Letters from Toronto

Pleasure, meet danger.

By B. Ruby Rich

WHEN AN EVENT is as huge – 350-plus films huge – as the Toronto International Film Festival, it becomes impossible to debate its programming quality. Who can see enough to judge? Instead, the burden is thrown back on the journalists to program personal editions of the festival and defend our choices in devious games of press corps one-upsmanship. "How's 'your' festival going?" we ask, and lie in defense of our own utter brilliance of selection. There are four basic methods for sorting through the overload: Spot a theme to track, find new talent to discover, reassess established auteurs, or pinpoint key sociopolitical issues. Most critics follow one approach, but I have such poor impulse control that I tend to jump frantically from one theme to another while trying to stay coherent (and awake).

Take the new talent. Media sources were in a lather over reports that Ivan Reitman's son Jason hit the jackpot with his debut, Thank You for Smoking, since Fox Searchlight and Paramount Classics slugged it out in Sundance-style, Weinstein-reminiscent, all-night negotiations, then both claimed they'd bought the rights; I discovered Australian filmmaker Sarah Watts instead. Her thrilling Look Both Ways mixes witty drama and savvy animation into a hybrid exploration of love, mortality, and family ties that sports a visual boldness and muscular pacing in stark contrast to the politesse of so many women filmmakers. Also thrilling was the world premiere of The Heart of the Game, Ward Serrill's complex documentary about a Seattle high school girls' basketball team. More than Hoop Dreams redux, it's as much a highly original dissection of what makes girls tick as it is a sports doc.

The sociopolitical focus was easy. I made a beeline for the two Palestinian films and wasn't disappointed. Hany Abu-Assad's new drama, Paradise Now, is a brilliantly executed look at the last days of two childhood friends tapped for the honor of a martyr mission. Abu-Assad based his script on lots of real-life details about suicide bombers, with the addition of a surprising sense of humor. My favorite scene is the covert taping of a martyr's-last-words videotape, replete with retakes and unacceptable improvisation. By contrast, Rashid Mashawari's Waiting (Attente) takes a lighthearted theme – a Palestinian film crew with European Union backing travels to Jordan, Syria, and Lebanon to audition Palestinian actors – and delivers a sucker-punch to the gut of any feeling viewer. Palestinians are invoked in The Smell Of Paradise too, a rough but eye-opening documentary that basically answers the question "Why do they hate us?" It's a road movie through Afghanistan, Pakistan, and Qatar, and the filmmaking team of Mariusz Pilis and Marcin Mamon gain unprecedented access to the ideologues behind the global attacks on imperial America.

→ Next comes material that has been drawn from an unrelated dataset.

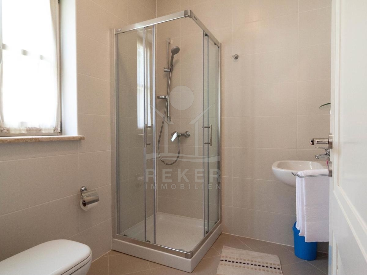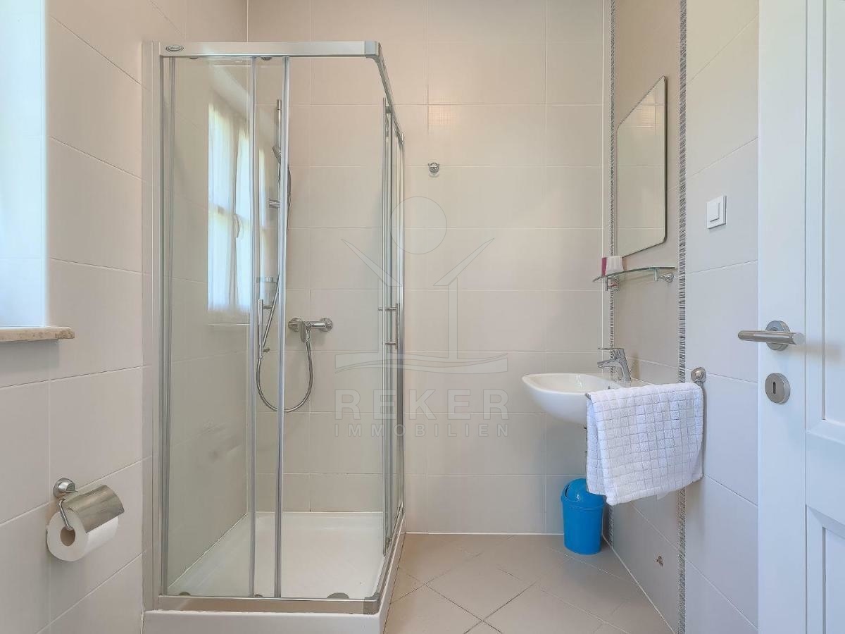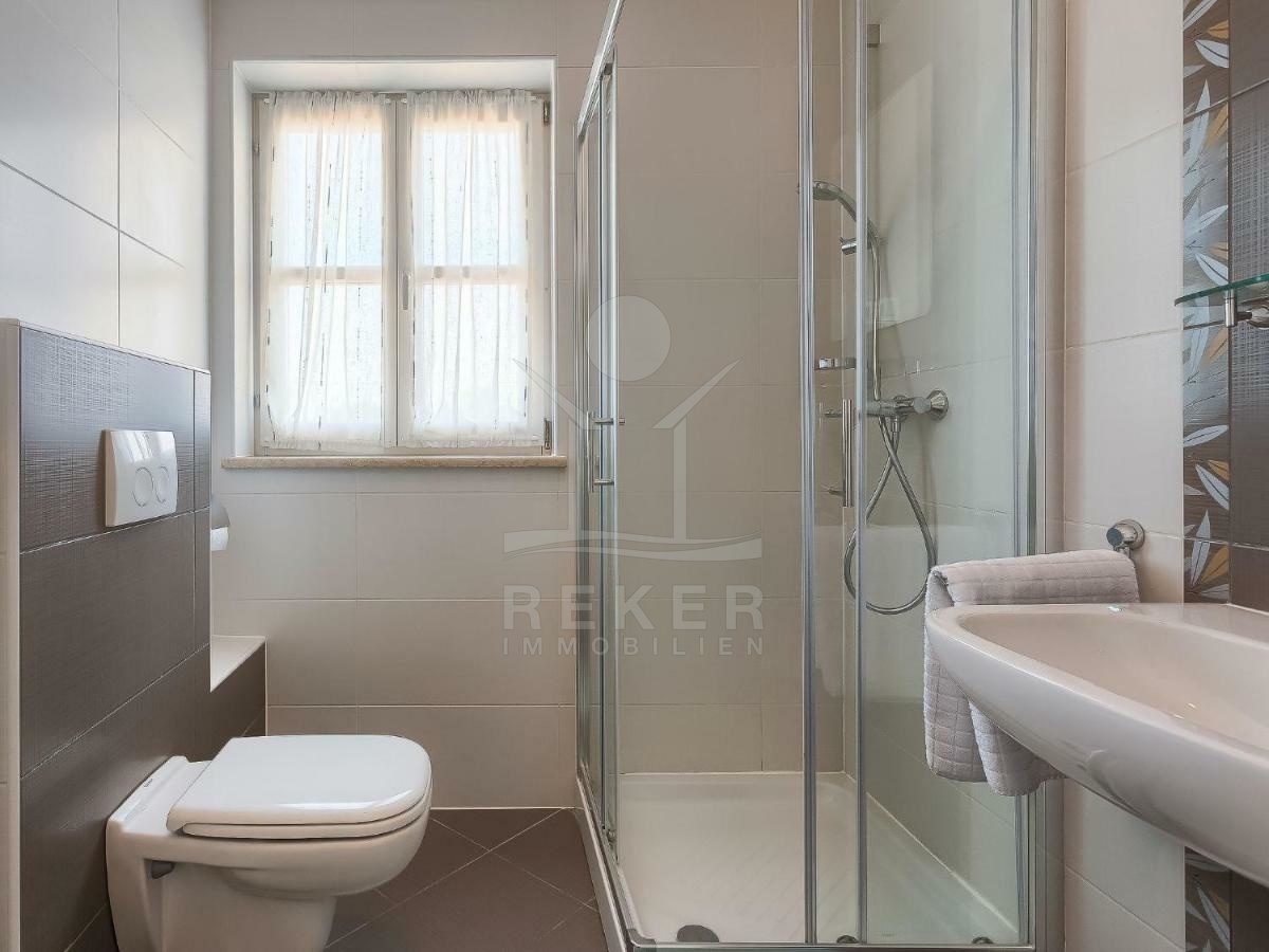 Das Erdgeschoss der Villa besticht durch einen offenen und einladenden Wohnbereich, bestehend aus einem gemütlichen Wohnzimmer, einem stilvollen Esszimmer und einer modernen Küche. Ergänzt wird dieser Bereich durch ein komfortables Schlafzimmer mit eigenem Bad – ideal für Gäste oder den Hauptwohnbereich.

Calling PBS (if it has any nerve left)!

In terms of career evaluation, I made a rash decision to skip the big-reputation directors this year. I tracked the baby auteurs instead – like Jim McKay, whose fourth feature, Angel, continues his anticommercial focus on urban poverty and wasted lives. This time, alongside newcomers and nonprofessionals, he cast Rachel Griffiths (yup, Six Feet Under's Brenda) as a social worker trying to save young Angel. I am forced to steal ex-Examiner critic Wesley Morris's staircase wit: "It's the Dardenne brothers without subtitles."

That brings me to the theme of the year. Oh no, not sex again! Yup, sex. But this time around, it's the perils of sexuality in unforgiving times that got me thinking. Brokeback Mountain, Ang Lee's much-anticipated saga of cowboy love, is every bit as good as the Venice jury (which gave it the Golden Lion) claimed. We all filed weeping out of the press screening, praising Ledger and Gyllenhaal between our tears. The points Lee makes about the toll taken on those whose love is outlawed, though, run differently through another pair of period films. Mary Harron's The Notorious Bettie Page makes sense of the 1950s pinup girl by seeing her innocent embrace of sexual play as decades ahead of its time, while Gretchen Mol's terrifically joyous performance helps explain why Bettie's image is so popular. Even Atom Egoyan's conventional (for him) period drama, Where The Truth Lies, about a sex-and-murder scandal involving a Martin-and-Lewis-esque comedy team, communicates the hideous moralism of the time. Pleasure and Danger was the title of a landmark anthology on sexuality two decades ago, but it seems its message is relevant again.

Given our government's attempt to wrench us all back to the '50s in foreign affairs, military adventures, and punitive domestic policies, it's no wonder that some of our finest filmmakers are rethinking the dangers of sexual exploration back in the eras when speaking and acting, as well as silence, equaled death. And it's no wonder that the Toronto festival turned out to be an excellent place, as usual, to reconsider dominant fantasies from the safe vantage point of a theater seat.